DIRECTIONS:
Reproduce all of the data exactly as written.

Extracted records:
◇ ◇ ◇ ◇
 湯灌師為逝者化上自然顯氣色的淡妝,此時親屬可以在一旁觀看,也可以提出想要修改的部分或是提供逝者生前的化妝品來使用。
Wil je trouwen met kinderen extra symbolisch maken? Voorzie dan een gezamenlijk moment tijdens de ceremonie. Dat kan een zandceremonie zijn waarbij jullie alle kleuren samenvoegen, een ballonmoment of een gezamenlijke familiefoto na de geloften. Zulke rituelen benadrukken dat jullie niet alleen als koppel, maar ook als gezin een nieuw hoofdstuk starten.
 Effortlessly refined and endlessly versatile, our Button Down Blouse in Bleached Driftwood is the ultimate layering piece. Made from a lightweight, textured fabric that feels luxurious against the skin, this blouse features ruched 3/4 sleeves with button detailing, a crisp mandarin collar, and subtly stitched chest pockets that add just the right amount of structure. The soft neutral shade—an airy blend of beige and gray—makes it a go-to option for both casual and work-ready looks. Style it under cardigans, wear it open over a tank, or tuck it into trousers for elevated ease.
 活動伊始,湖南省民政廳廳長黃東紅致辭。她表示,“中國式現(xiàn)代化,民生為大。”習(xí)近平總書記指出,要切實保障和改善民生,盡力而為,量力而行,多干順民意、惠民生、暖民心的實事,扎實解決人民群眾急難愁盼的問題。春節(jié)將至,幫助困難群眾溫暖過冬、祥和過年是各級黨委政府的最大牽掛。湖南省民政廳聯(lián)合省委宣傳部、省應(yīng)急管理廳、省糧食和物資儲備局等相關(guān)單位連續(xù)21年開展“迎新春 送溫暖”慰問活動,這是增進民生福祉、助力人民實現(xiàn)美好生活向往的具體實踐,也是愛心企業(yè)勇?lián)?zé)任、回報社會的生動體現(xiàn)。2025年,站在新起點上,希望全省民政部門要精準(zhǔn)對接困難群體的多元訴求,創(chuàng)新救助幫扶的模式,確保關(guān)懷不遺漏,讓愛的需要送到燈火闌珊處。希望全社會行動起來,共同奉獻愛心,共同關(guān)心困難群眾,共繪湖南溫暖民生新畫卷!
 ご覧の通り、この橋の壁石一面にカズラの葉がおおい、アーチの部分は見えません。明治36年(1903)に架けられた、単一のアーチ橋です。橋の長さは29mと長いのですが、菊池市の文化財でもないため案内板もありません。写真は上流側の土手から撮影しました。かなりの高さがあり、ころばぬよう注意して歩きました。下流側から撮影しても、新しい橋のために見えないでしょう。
◇ ◇ ◇ ◇
WRITTEN ANSWER:
 湯灌師為逝者化上自然顯氣色的淡妝,此時親屬可以在一旁觀看,也可以提出想要修改的部分或是提供逝者生前的化妝品來使用。
Wil je trouwen met kinderen extra symbolisch maken? Voorzie dan een gezamenlijk moment tijdens de ceremonie. Dat kan een zandceremonie zijn waarbij jullie alle kleuren samenvoegen, een ballonmoment of een gezamenlijke familiefoto na de geloften. Zulke rituelen benadrukken dat jullie niet alleen als koppel, maar ook als gezin een nieuw hoofdstuk starten.
 Effortlessly refined and endlessly versatile, our Button Down Blouse in Bleached Driftwood is the ultimate layering piece. Made from a lightweight, textured fabric that feels luxurious against the skin, this blouse features ruched 3/4 sleeves with button detailing, a crisp mandarin collar, and subtly stitched chest pockets that add just the right amount of structure. The soft neutral shade—an airy blend of beige and gray—makes it a go-to option for both casual and work-ready looks. Style it under cardigans, wear it open over a tank, or tuck it into trousers for elevated ease.
 活動伊始,湖南省民政廳廳長黃東紅致辭。她表示,“中國式現(xiàn)代化,民生為大。”習(xí)近平總書記指出,要切實保障和改善民生,盡力而為,量力而行,多干順民意、惠民生、暖民心的實事,扎實解決人民群眾急難愁盼的問題。春節(jié)將至,幫助困難群眾溫暖過冬、祥和過年是各級黨委政府的最大牽掛。湖南省民政廳聯(lián)合省委宣傳部、省應(yīng)急管理廳、省糧食和物資儲備局等相關(guān)單位連續(xù)21年開展“迎新春 送溫暖”慰問活動,這是增進民生福祉、助力人民實現(xiàn)美好生活向往的具體實踐,也是愛心企業(yè)勇?lián)?zé)任、回報社會的生動體現(xiàn)。2025年,站在新起點上,希望全省民政部門要精準(zhǔn)對接困難群體的多元訴求,創(chuàng)新救助幫扶的模式,確保關(guān)懷不遺漏,讓愛的需要送到燈火闌珊處。希望全社會行動起來,共同奉獻愛心,共同關(guān)心困難群眾,共繪湖南溫暖民生新畫卷!
 ご覧の通り、この橋の壁石一面にカズラの葉がおおい、アーチの部分は見えません。明治36年(1903)に架けられた、単一のアーチ橋です。橋の長さは29mと長いのですが、菊池市の文化財でもないため案内板もありません。写真は上流側の土手から撮影しました。かなりの高さがあり、ころばぬよう注意して歩きました。下流側から撮影しても、新しい橋のために見えないでしょう。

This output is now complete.